I feel that a t-test (Welch) for independent samples would not be valid, even if the sample is very large, because values are proportions (note: I don't have the original counts).

Indeed, on this forum many people suggested (here, here or here) not using T-test but something more appropriate like a generalized linear model, which was my intuition as well.

However, I could not answer: which assumption of either the Central Limit Theorem or of the Welch's T-test is violated by my dataset?

First, I reasoned by translating the T-test problem into the (I believe equivalent) linear regression problem, in which we would clearly violate the assumption of identically normally distributed residuals. My problem is that I still don't find what is violated in the T-test formulation. How are the assumptions related between these two formulations?

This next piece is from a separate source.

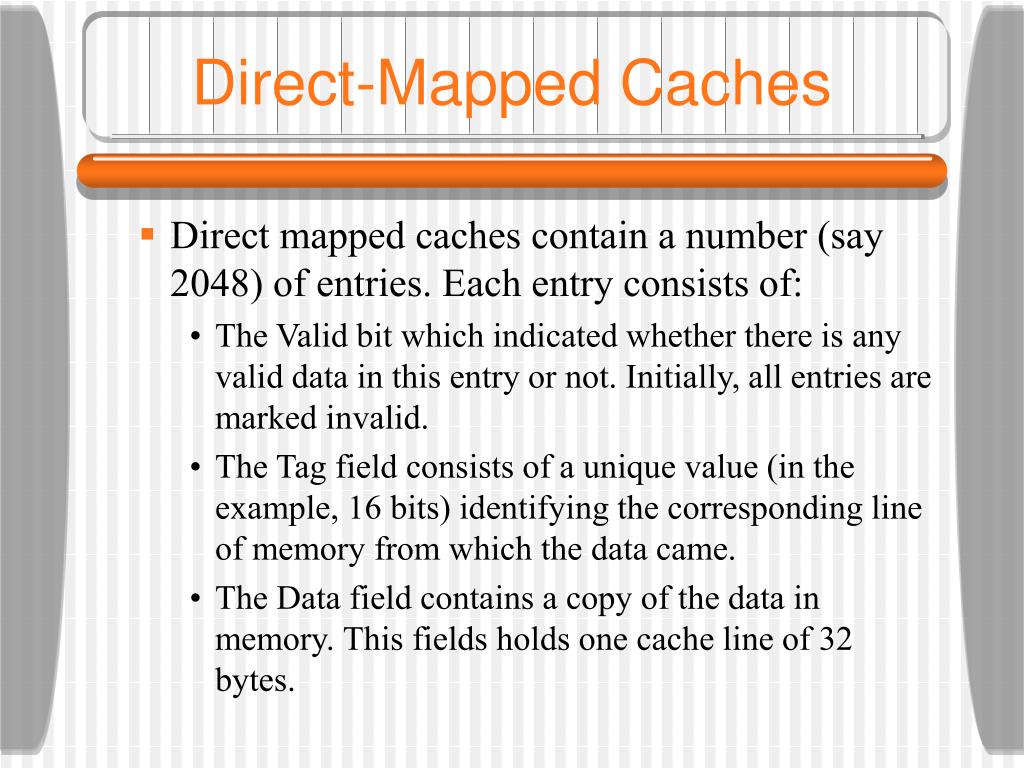 Direct-Mapped Caches • Direct mapped caches contain a number (say 2048) of entries. Each entry consists of: • The Valid bit which indicated whether there is any valid data in this entry or not. Initially, all entries are marked invalid. • The Tag field consists of a unique value (in the example, 16 bits) identifying the corresponding line of memory from which the data came. • The Data field contains a copy of the data in memory. This fields holds one cache line of 32 bytes.

Indeed, it seems that with the Central Limit Theorem, the mean of many percentages would follow a normal distribution, thus the condition that the mean is normally distributed would hold; so the violated assumption has to be another one in the T-test. I saw that the $$T$$ variable

$$T = \frac{Z}{\sqrt{U/k}}$$

requires that $$Z$$ and $$U$$ be independent to follow the Student distribution. Is it the assumption that is violated by a dataset of proportion values?

The answer is that, contrary to popular belief, the Welch (not Welsh) T-test kind of assumes equal variance of populations. Now, before you go crazy and think you were lied to, let me explain. A T-test only holds when the following are true:

1. When the two populations have equal variances (in practice: similar variances).
2. The distributions are perfectly normally distributed (In practice: The skewness must be small, or the sample size must be very large to make up for it).

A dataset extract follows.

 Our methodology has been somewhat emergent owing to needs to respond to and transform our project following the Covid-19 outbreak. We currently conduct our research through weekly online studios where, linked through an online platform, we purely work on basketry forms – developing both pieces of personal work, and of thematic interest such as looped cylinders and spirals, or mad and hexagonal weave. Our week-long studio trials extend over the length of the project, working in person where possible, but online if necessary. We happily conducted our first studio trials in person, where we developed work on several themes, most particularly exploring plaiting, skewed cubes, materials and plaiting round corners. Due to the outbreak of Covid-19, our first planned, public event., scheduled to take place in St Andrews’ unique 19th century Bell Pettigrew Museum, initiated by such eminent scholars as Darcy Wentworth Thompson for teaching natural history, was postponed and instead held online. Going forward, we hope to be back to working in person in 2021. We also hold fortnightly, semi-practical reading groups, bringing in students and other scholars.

Welch's T-test applies a correction to the regular t-test that makes violations of the first assumption practically unimportant when condition 1 is fulfilled. However, the Welch t-test, in theory, is still not exact unless condition 1 is fulfilled or the sample size is very large.

In theory, the Welch and regular T-tests have their assumption of equal variances violated when dealing with a binomial distribution, because a binomial distribution has a standard error equal to: $$\frac{\sqrt{p (1 - p)}}{\sqrt n}$$

Notice that this variance depends on $$p$$. Therefore, any change in $$p$$ technically invalidates any t-test, so a t-test can't be used.

But what if $$n$$ is really big? Well then, the variance hardly changes, because the variance is close to 0, and going from "Basically 0" to "Basically 0" is a change of, well, basically 0. So the fact that the variance changes a little is fine, because Welch's t-test is insensitive to small differences in variance (unlike the regular t-test).